Kv2vec: A Distributed Representation Method for Key-value Pairs from Metadata Attributes

Chenxu Niu, Wei Zhang, Suren Byna, Yong Chen

Published: 2022, Last Modified: 05 Jan 2026HPEC 2022EveryoneRevisionsBibTeXCC BY-SA 4.0

Abstract: Distributed representation methods for words have been developed for years, and numerous methods exist, such as word2vec, GloVe, and fastText. However, they are not designed for key-value pairs, which is an important data pattern and widely used in many scenarios. For example, metadata attributes of scientific files consist of a collection of key-value pairs. In this research, we propose kv2vec, a method that captures relationships between keys and values and represents key-value pairs in dense vectors.

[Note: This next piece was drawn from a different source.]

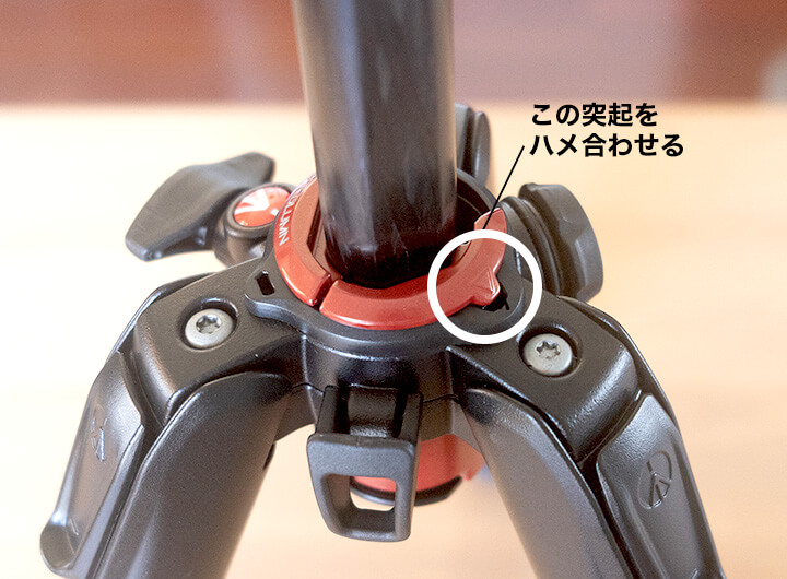 センターポールを元の位置に戻すには、下の写真の赤いパーツの突起と、三脚天井部のヘコんでいる箇所をハメ合わせることで収納出来ます。私は当初、ハメ合わせて収納することに気づかず、センターポールをガシャガシャと無理やり収納しようとしてました。危うく壊してしまうところでした…。
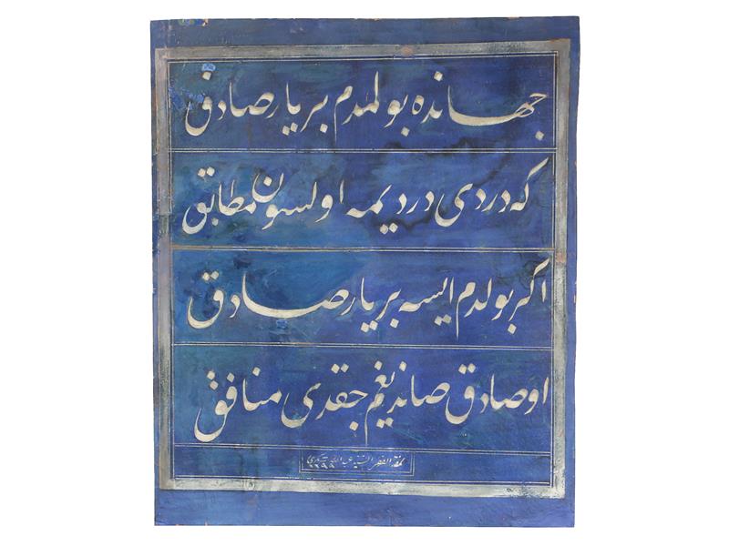 MEALEN - CİHANDA BULAMADIM BİR YAR-İ SADIK. Kİ DERDİ DERDİME OLSUN MUTABIK. EĞER BULDUM İSE BİR YAR-İ SADIK. O SADIK SANDIĞIM ÇIKTI MÜNAFIK. TARİH HİCRİ 1299-MİLADİ 1883. SEYYİD ABDULLAH ŞÜKRİ KETEBELİ. 36X30 CM. (ÜNLÜ HATTAT FİLİBELİ BAKKAL ARİF EFENDİ NİN AYNI ŞİİRİ ÇALIŞMIŞ OLDUĞU BİLİNMEKTEDİR.)

The fundamental idea of the kv2vec method is utilizing recurrent neural networks (RNNs) with long short-term memory (LSTM) hidden units to convert each key-value pair to a distributed vector representation. This new method overcomes the weaknesses of existing embedding models for representing key-value pairs as vectors. Moreover, it can be integrated into dataset search solutions through querying metadata attributes for self-describing file formats that are widely used in HPC systems. We evaluate the kv2vec method with multiple real-world datasets, and the results show that kv2vec outperforms existing models.